== Records ==
....
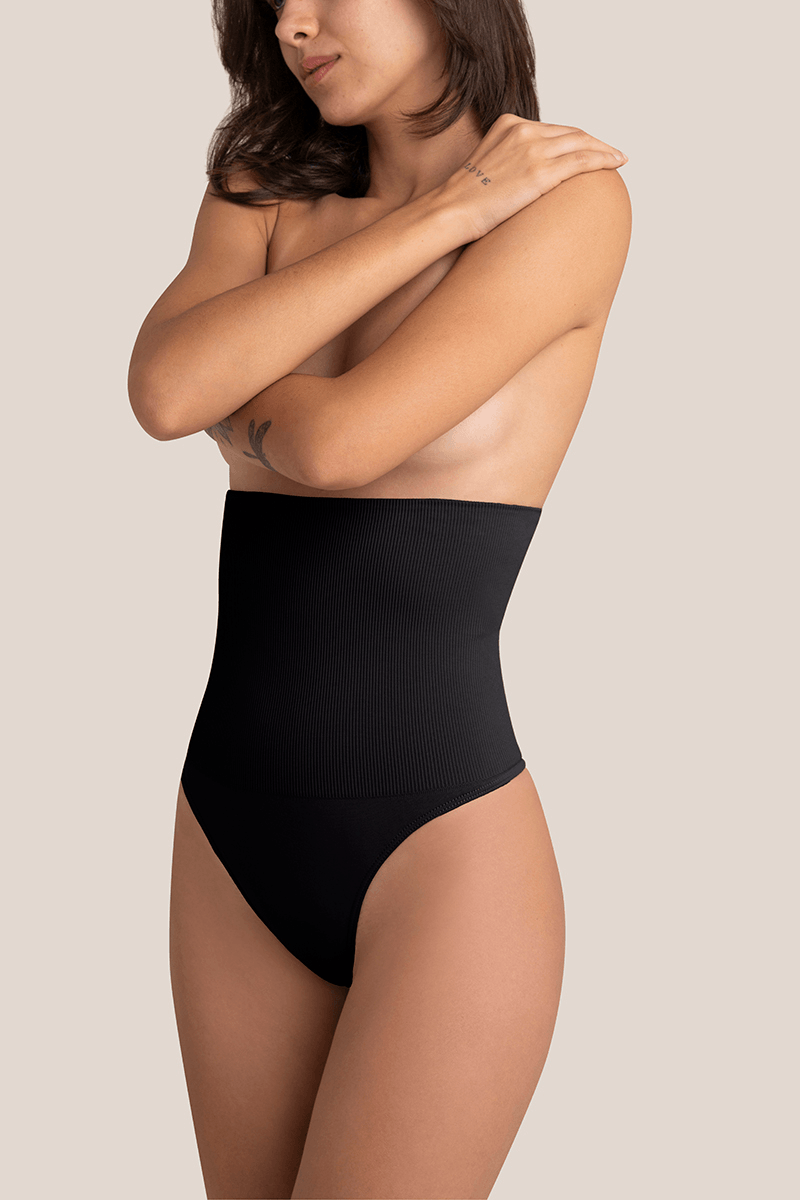 Calcinha fio dental cintura alta redutora. Possui forro em algodão, borda interna de silicone e é sem costura. Não marca sob a roupa e comprime e modela com conforto e segurança.
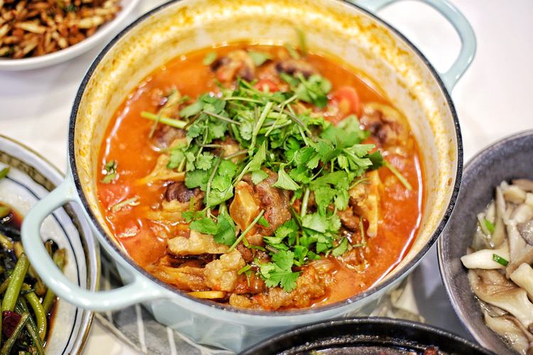 盖锅盖、中小火焖1小时左右,期间隔15分钟揭盖翻炒均匀,同时可根据需求继续加高汤焖煮。
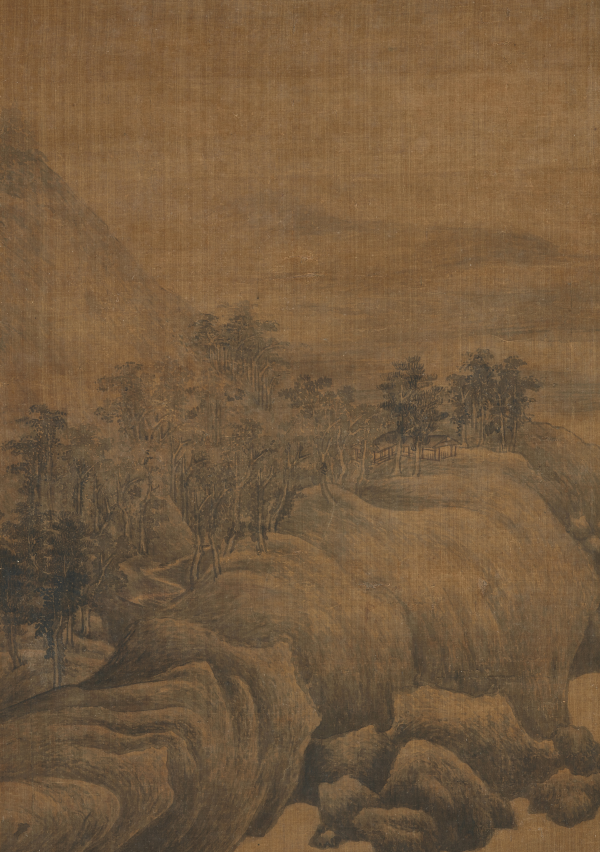 中国早期绘画多无款识,此图历来皆标曰巨然所作。巨然为钟陵人(今江苏南京),生卒年不详,早年即出家为僧。公元975年,南唐后主李煜降宋,巨然随之到开封,投谒在位,以画山水有名于时。中国的山水画在五代时趋于成熟,荆浩、关仝以苍劲峭拔的风格奠定了北方画派,董源则以平淡柔和的笔墨描写江南山水的秀逸。巨然是董源风格的主要继承人,后世并称董、巨。二者对后世的影响极其重大,晚清吴大澄曾言:「子久(黄公望)、仲圭(吴镇)皆从董巨得来,后来惟董思白(其昌)、王廉州(鉴)抉其精随。」此四者皆为南派重要传承者,为后世临写之楷模,明清署临大痴、仲圭者可谓主流,近代仿文敏、元照者亦为大众。溯其源头,皆源自董巨笔下的苍岚秀逸,可谓中国文人画奠基者。
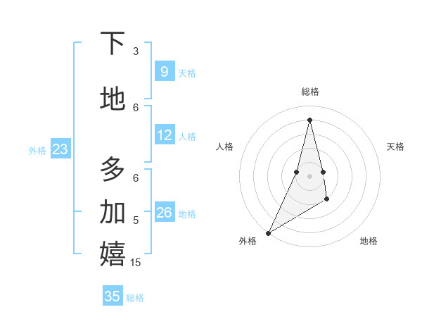 下地 多加嬉さんを姓名の画数から五運を鑑定
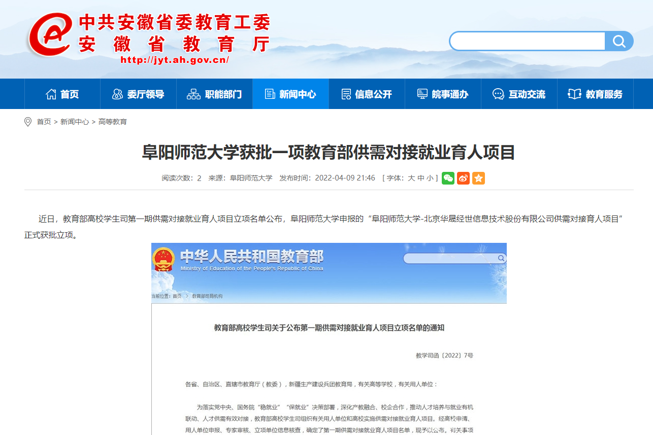 4月9日,安徽教育网报道:阜阳师范大学获批一项教育部供需对接就业育人项目。文章地址:
....
== What you have to do ==
Pictures are to be omitted. The lines from the line holding "下地 多加嬉さんを姓名の画数から五運を鑑定" through the closing line of the data above are to be set down exactly, and nothing more.

== Answer below ==
 下地 多加嬉さんを姓名の画数から五運を鑑定
 4月9日,安徽教育网报道:阜阳师范大学获批一项教育部供需对接就业育人项目。文章地址:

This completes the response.